Au moyen d’une écriture simple, recueillie, accumulant gestes du quotidien et observations depuis les portes entrebâillées d’un presbytère, la jeune autrice Emma Doude van Troostwijk crée une atmosphère si forte, si étrange, qu’elle l’emporte sur son récit.
Ceux qui appartiennent au jour fait partie de ces livres parfaits dont l’organisation interne redouble le sens. Ce sont eux surtout qui déposent en nous une musique qui se prolonge. Le premier roman d’Emma Doude van Troostwijk est une nature morte, faite d’êtres en proie à la perte de mémoire. De courts fragments sont disposés à la suite les uns des autres, en ronde dirait-on, autour d’un centre abstrait et terrifiant qui n’est jamais désigné. Cette béance, la perte de mémoire, est contournée, présente par son absence. Du « je » de la narratrice, on ne sait rien, son effacement au-delà de son point de vue est total, comme si l’autrice avait oublié son personnage, ou que le texte lui-même s’était oublié en cours de route.

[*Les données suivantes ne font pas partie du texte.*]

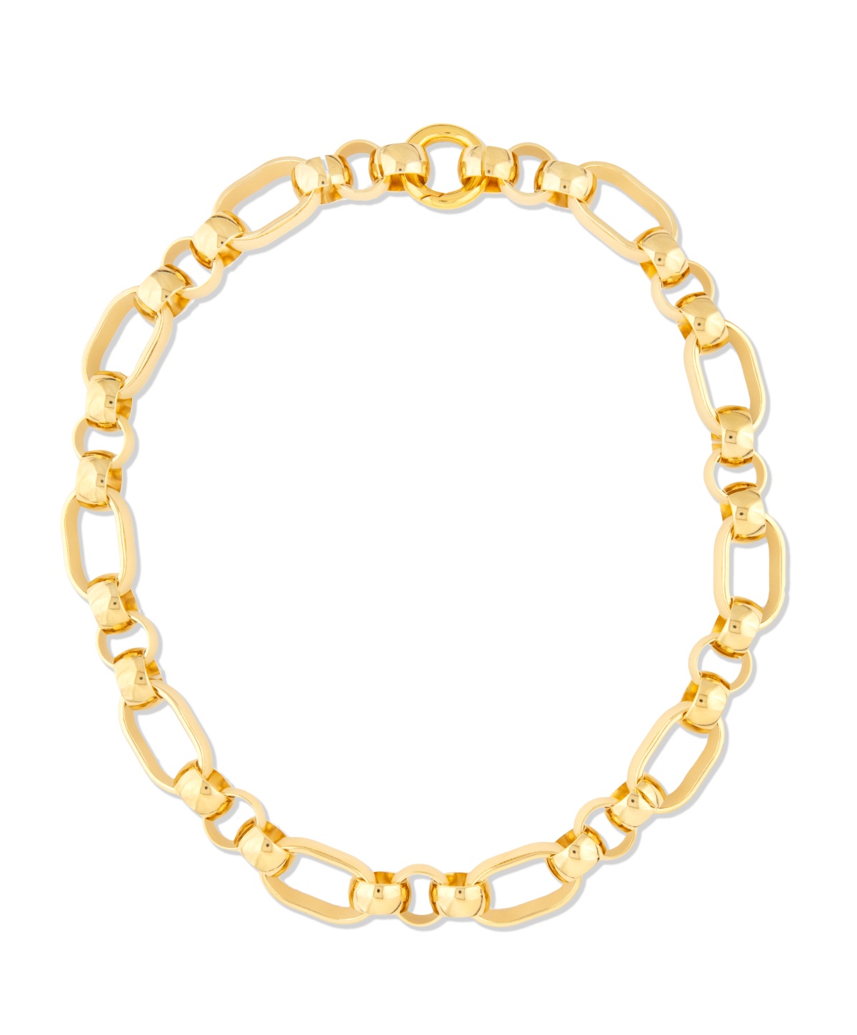 Bringing notions of the past into the present, Laura Lombardi’s Elena Necklace is influenced by a juxtaposition of contemporary industrial style and the designer’s childhood memories. Having a classic chain link-defined silhouette, the design is hand cast from recycled 14kt gold-tone brass and features a spring hook closure.

Le temps d’un mois en été, la narratrice retourne à la « maison » : un presbytère vieilli dans une campagne française, où habitent ses grands-parents, ses parents, et son frère, tous néerlandais et pasteurs ou sur le point de le devenir. C’est le cas de ce frère, Nicolaas, encore « stagiaire » lorsqu’elle le retrouve. De ce devenir découle la tension du roman, tant ce statut de pasteur s’entoure d’une inquiétante aura car les deux hommes qui précédent Nicolaas ont perdu la mémoire, comme si cette fonction la leur avait arrachée. Aussi le jeune homme hésite-t-il jusqu’à la fugue avant de prendre, lui aussi, ce risque : perdre la mémoire, ou peut-être Dieu ? Par la singularité réelle de son sujet, ce roman s’inscrit dans un monde social inconnu de la littérature contemporaine.
Le décor est minimaliste jusqu’à la solennité. Les différentes pièces du presbytère, son jardin, le temple puis la rivière non loin, sont les angles contre lesquels se cognent les six personnages. Sur cette scène, la famille repliée sur son néant peut oublier le reste du monde. Si la première page montre la narratrice sur une plage de la mer du Nord, songeant à cette visite, le reste ne quitte plus l’intériorité diffuse de cette constellation de pasteurs.
On entre dans le roman en même temps que la narratrice ouvre la porte du presbytère. Mais c’est dans un palais de mémoire que nous pénétrons, et plusieurs pièces, plusieurs seuils, suivent. Souvent, le regard de la narratrice saisit les autres personnages depuis l’embrasure d’une porte, lorsqu’ils se trouvent dans un « cadre » lui permettant de les photographier mentalement. Ailleurs, ce sont de micro-descriptions très rapprochées – un insecte, une goutte de café sur un doigt –, vite abandonnées mais qui suffisent à suggérer une collecte angoissée de souvenirs, un rapport fébrile au réel menacé.
Certains tropes, autant narratifs que stylistiques, peuvent paraître convenus (la forêt qu’il faut traverser pour arriver à la lumière), mais Emma Doude van Troostwijk les déjoue en explorant, parallèlement à son récit de l’oubli, les mots pour le dire. Le fil narratif se voit interrompu par des intermèdes : ce sont à chaque fois trois courtes phrases sur la page, une expression française toute faite sur la perte, le délitement, suivie de la traduction littérale de son équivalent néerlandais, et enfin l’expression en néerlandais. « Il plie bagage. Il part avec le soleil du Nord. Met de noorderzon vertrekken. » De cet écart entre les deux langues, de la rencontre répétée entre deux images qui disent l’oubli, provient la lumière de ce premier roman, son indétermination frémissante, sa capacité à nous faire ressentir le vide sous nos pieds. Le titre même serait une traduction néerlandaise de notre « ne tenir qu’à un fil ». Ce procédé finement poétique culmine à la dernière occurrence : « Le français dit qu’un ange passe. Le néerlandais dit qu’un pasteur se promène. » Fugacement, on se dit que le livre est né de cela, d’une image prise au pied de la lettre.